**Given information**
=== Begin Enclosure ===
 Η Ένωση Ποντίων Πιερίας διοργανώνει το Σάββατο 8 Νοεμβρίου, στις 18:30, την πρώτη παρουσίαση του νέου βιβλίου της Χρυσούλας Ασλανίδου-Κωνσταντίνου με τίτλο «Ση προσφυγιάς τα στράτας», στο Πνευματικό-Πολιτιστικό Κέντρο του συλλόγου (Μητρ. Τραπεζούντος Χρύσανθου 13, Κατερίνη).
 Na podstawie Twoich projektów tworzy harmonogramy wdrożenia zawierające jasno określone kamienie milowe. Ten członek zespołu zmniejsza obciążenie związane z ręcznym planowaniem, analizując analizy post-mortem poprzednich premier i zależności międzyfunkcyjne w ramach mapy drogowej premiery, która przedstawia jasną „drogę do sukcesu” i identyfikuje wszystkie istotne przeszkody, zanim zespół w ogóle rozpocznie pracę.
=== End Enclosure ===
=== Begin Enclosure ===
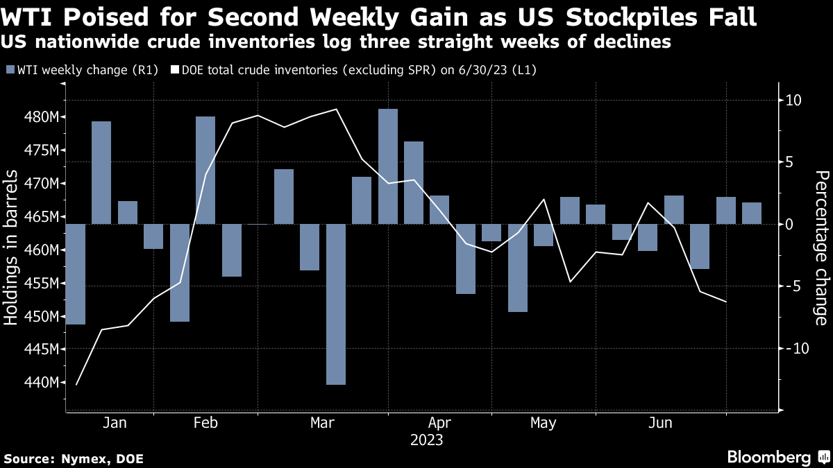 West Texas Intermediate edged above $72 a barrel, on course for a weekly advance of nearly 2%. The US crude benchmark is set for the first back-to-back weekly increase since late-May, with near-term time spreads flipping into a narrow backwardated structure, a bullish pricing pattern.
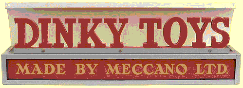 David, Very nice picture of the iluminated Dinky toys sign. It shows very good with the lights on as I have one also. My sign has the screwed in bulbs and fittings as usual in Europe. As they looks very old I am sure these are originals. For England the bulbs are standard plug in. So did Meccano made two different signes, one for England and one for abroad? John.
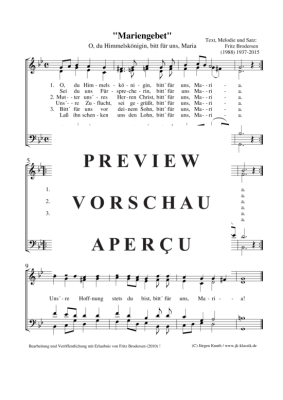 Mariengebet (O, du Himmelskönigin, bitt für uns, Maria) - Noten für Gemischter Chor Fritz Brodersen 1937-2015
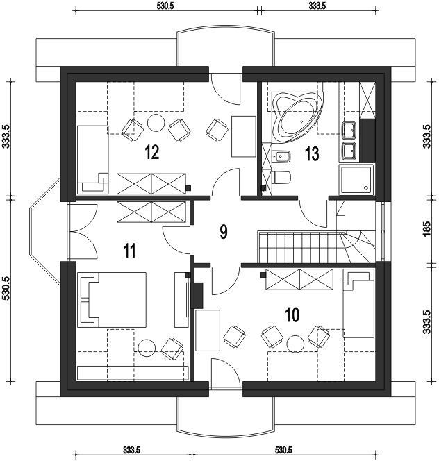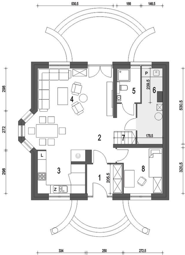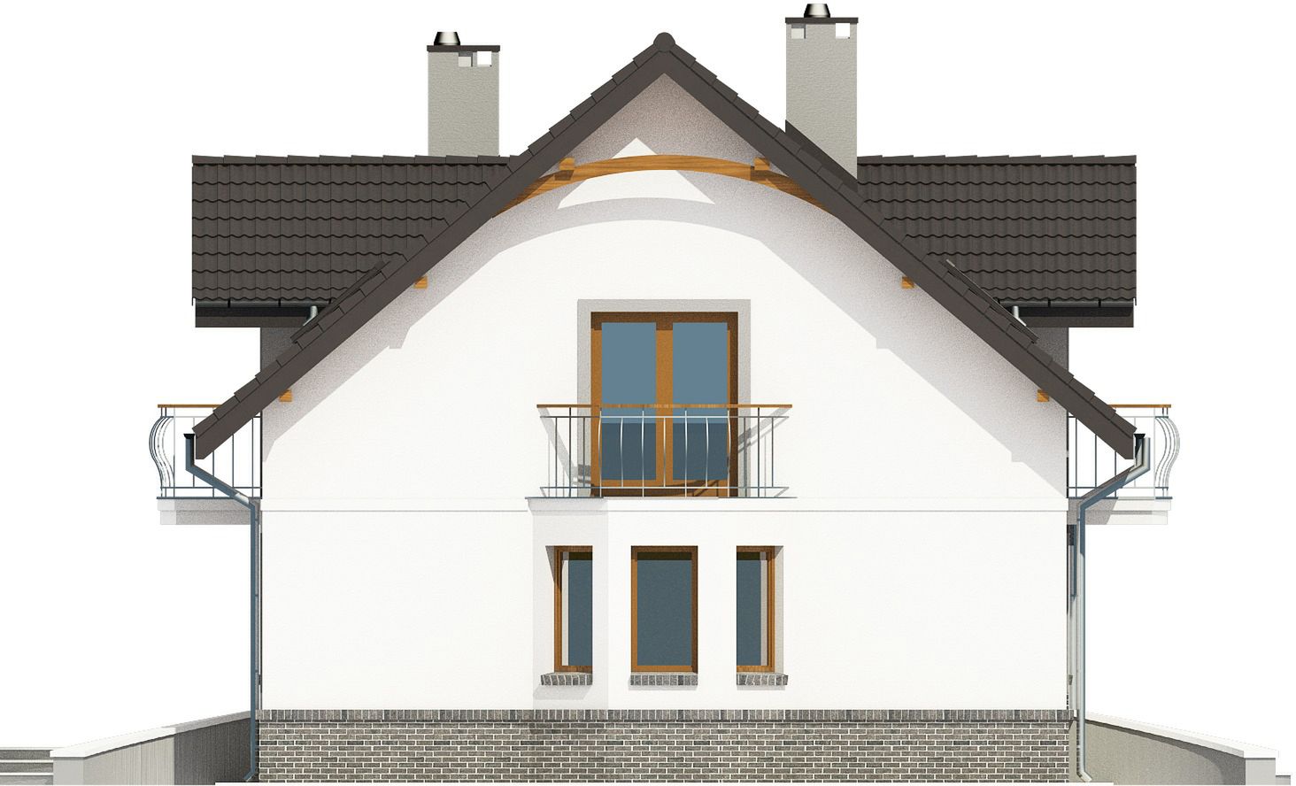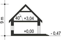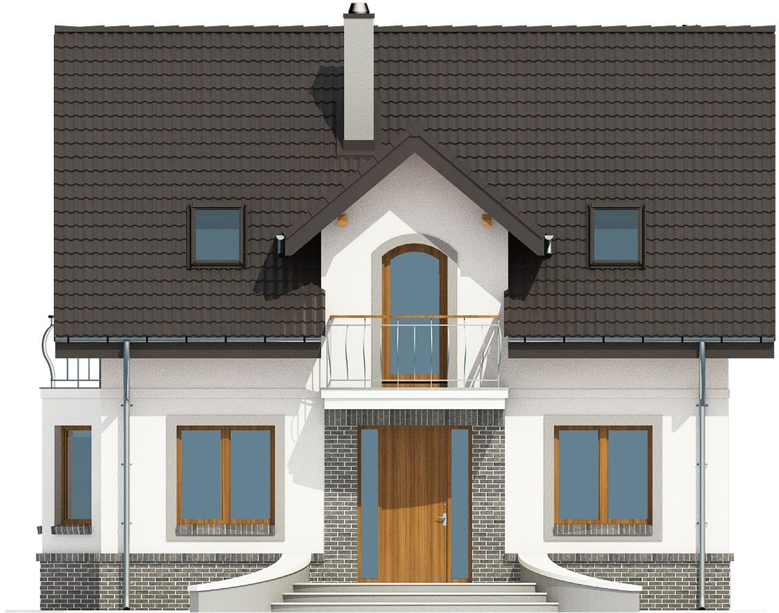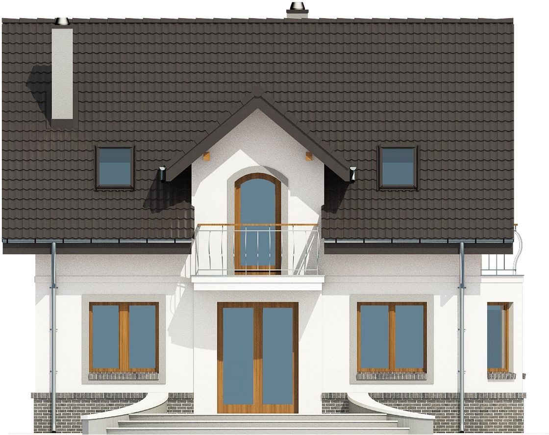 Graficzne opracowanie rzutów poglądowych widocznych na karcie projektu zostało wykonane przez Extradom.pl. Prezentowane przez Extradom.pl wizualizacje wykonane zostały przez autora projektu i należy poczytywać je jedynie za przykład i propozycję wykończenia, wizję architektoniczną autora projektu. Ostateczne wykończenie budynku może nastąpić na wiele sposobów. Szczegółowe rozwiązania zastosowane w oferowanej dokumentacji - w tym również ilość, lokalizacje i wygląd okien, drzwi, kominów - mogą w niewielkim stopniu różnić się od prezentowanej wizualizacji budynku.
=== End Enclosure ===
**Task goal**
Referring to the material above, set down exactly the lines between the line with "Η Ένωση Ποντίων" and the line with "Na podstawie Twoich", inclusive, and no other lines.

**Task solution**
 Η Ένωση Ποντίων Πιερίας διοργανώνει το Σάββατο 8 Νοεμβρίου, στις 18:30, την πρώτη παρουσίαση του νέου βιβλίου της Χρυσούλας Ασλανίδου-Κωνσταντίνου με τίτλο «Ση προσφυγιάς τα στράτας», στο Πνευματικό-Πολιτιστικό Κέντρο του συλλόγου (Μητρ. Τραπεζούντος Χρύσανθου 13, Κατερίνη).
 Na podstawie Twoich projektów tworzy harmonogramy wdrożenia zawierające jasno określone kamienie milowe. Ten członek zespołu zmniejsza obciążenie związane z ręcznym planowaniem, analizując analizy post-mortem poprzednich premier i zależności międzyfunkcyjne w ramach mapy drogowej premiery, która przedstawia jasną „drogę do sukcesu” i identyfikuje wszystkie istotne przeszkody, zanim zespół w ogóle rozpocznie pracę.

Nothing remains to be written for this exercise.